# 13th c Castle



## fjn (Aug 17, 2011)

stuart45 said:


> Here's another man's castle that won't be his home much longer.
> http://www.dailymail.co.uk/news/art...cretly-haystacks-loses-year-planning-row.html





Wow! That is is pretty intense,could they have just issued him a fine ?


He goofed up big time but that is an extremely huge penalty to pay !


----------



## stuart45 (Oct 7, 2009)

fjn said:


> Wow! That is is pretty intense,could they have just issued him a fine ?
> 
> 
> He goofed up big time but that is an extremely huge penalty to pay !

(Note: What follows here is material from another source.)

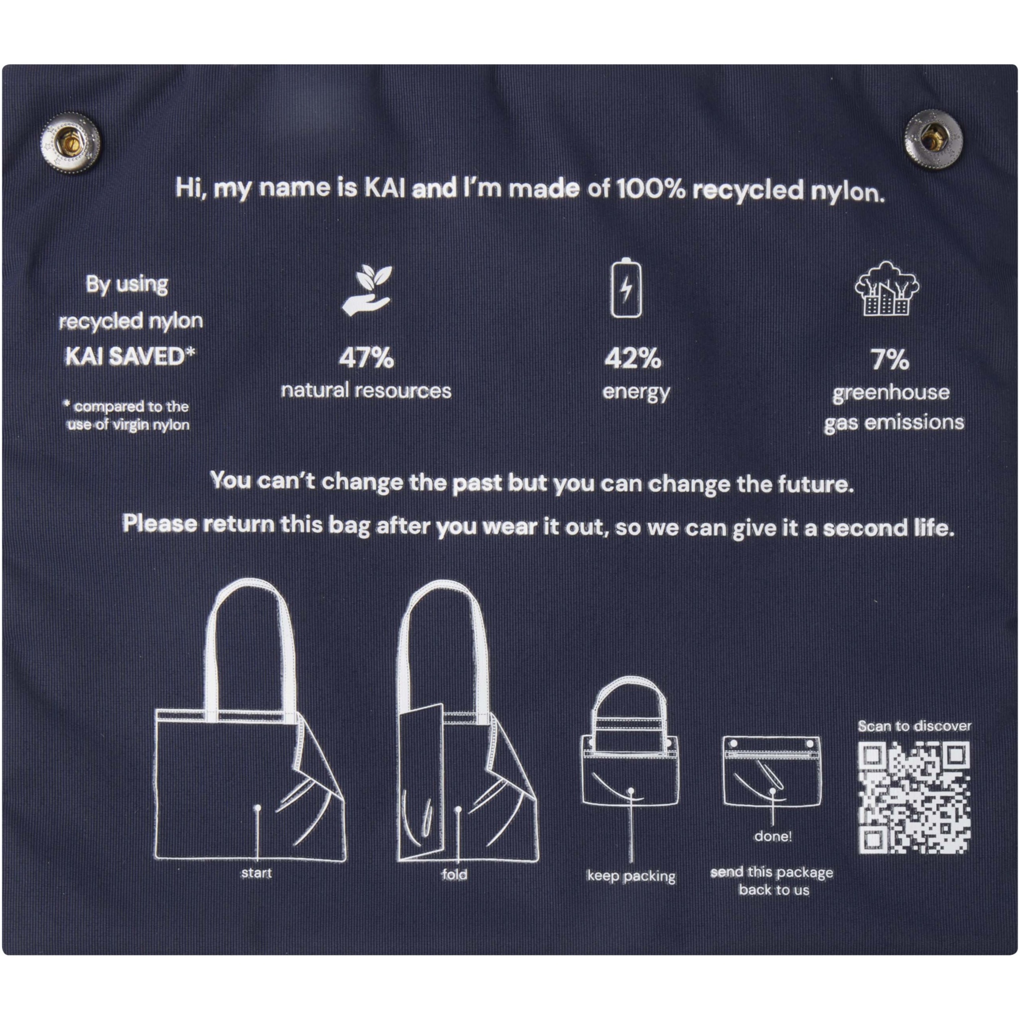 The Kai GRS recycled circular tote bag – the biggest positive impact maker in terms of environmental performance. More sustainable exploration starts with better design – a design with less impact on the environment. The total average reduction in impact already made with 1 bag is as follows: 7% carbon footprint, 42% energy and 47% eco costs. Made from 200T GRS certified recycled nylon, the Kai is a classic and timeless tote bag that is suitable to use on a daily basis. The designated spot for printing is on the pocket that doubles as pouch. The bag can be returned via a take-back program featuring a QR code that provides additional information.

I think the problem was that he went out to deceive the planners by hiding the structure. If it was a small extension put on the back of a house as a Granny flat you can usually get retrospective planning permission.
A lot of farmers round here have built houses on their land without P/P for their children and got away with it.
Nowadays with google earth it's not so easy.


----------



## stuart45 (Oct 7, 2009)

Here's another old castle that has rebuilt using modern methods.
http://www.bbc.co.uk/news/entertainment-arts-24287009


----------



## Seven-Delta-FortyOne (Mar 5, 2011)

This one's about 3 hours from me. I toured it one day. Pretty neat, but not full traditional. It has concrete, and miles of rebar, on the inside, for seismic reasons.


----------



## dom-mas (Nov 26, 2011)

stuart45 said:


> Here's another old castle that has rebuilt using modern methods.
> http://www.bbc.co.uk/news/entertainment-arts-24287009


I really like this. While I love old buildings, i almost find it sad when a building is just kept because it's old and has no other purpose. We are in a time where it is common but old buildings were always reused for new purposes in the past. Rebuilt with whatever material was at hand (often the old material but not always) and with whatever technologies were available. It's really nice to see that they didn't try to "restore" the building, being able to see the new complementing the old is really great. A really incredible project in my opinion, one of the nicest I've seen


----------



## fjn (Aug 17, 2011)

dom-mas said:


> I really like this. While I love old buildings, i almost find it sad when a building is just kept because it's old and has no other purpose. We are in a time where it is common but old buildings were always reused for new purposes in the past. Rebuilt with whatever material was at hand (often the old material but not always) and with whatever technologies were available. It's really nice to see that they didn't try to "restore" the building, being able to see the new complementing the old is really great. A really incredible project in my opinion, one of the nicest I've seen




Your statement about reuse and material usage of existing buildings is very true. Just to throw out a bit of trivia; the center pyramid on the Giza plateau,Khafre or if you prefer Chephern is the only one with it's smooth casing stones at the apex still in tact. They were pilfered for other buildings by the time the Greek historian Herodotus ventured onto the scene. It is a shame,think of how magnificent they would look today if they still had those smooth lime stones intact.


----------